OpenAIが次世代モデルファミリー——Sol、Terra、Lunaと名付けられた3つのバリアントからなるGPT-5.6——をプレビューし、それは即座に今年もっとも奇妙なローンチのひとつとなりました。ベンチマークのグラフと安全性ドキュメントを添えて発表されたフラッグシップモデルでありながら、ほぼ誰も実際には動かせないのです。理由は、キャパシティ不足でも、通常の意味での段階的ロールアウトでもありません。OpenAIがローンチ前に同モデルの能力について米国政府に説明を行い、政府の要請を受けて、プレビューを審査を経た少数のパートナーに限定したからです。
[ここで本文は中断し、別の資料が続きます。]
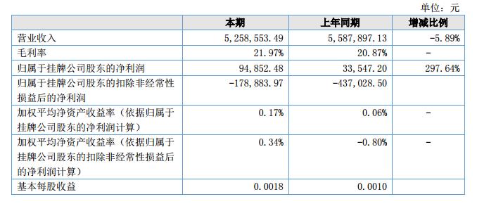 報告期內(nèi),公司實現(xiàn)營業(yè)收入525.86萬元,同比下降5.89%;營業(yè)成本410.30萬元,同比下降7.2%;毛利率21.97%,同比上升1.10%;凈利潤13.34萬元,同比上升297.64%。?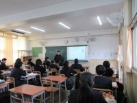 本日6限に体育館で、平野警察署の方を講師に招いて、「交通安全教室」を行いました。 横断歩道の渡り方、自転車の安全利用、危険予測などを学び、交通事故の防止に努めます。

これは、ワシントンが構築しつつある「フロンティアモデルをリリース前に審査する」仕組みが、もはや理論上のものではなくなったという、これまでで最も明確な兆候です。
実際に出荷されたもの
GPT-5.6は、いまや見慣れた階層構造をとっています。Solがフラッグシップ、Terraはバランスの取れた日常向けモデルと位置づけられ、OpenAIによればGPT-5.5に匹敵する性能を約半分のコストで提供するとされます。そしてLunaは最速かつ最安の階層です。ファミリー全体で、入力の価格は伝えられるところでは100万トークンあたり約1ドルから5ドルの範囲で、Solの標準API料金は入力100万トークンあたり5ドル、出力100万トークンあたり30ドルと引用されています——ただしこれらの数字は二次報道によるもので、OpenAIはプレビュー版モデルの完全な価格表を公開していません。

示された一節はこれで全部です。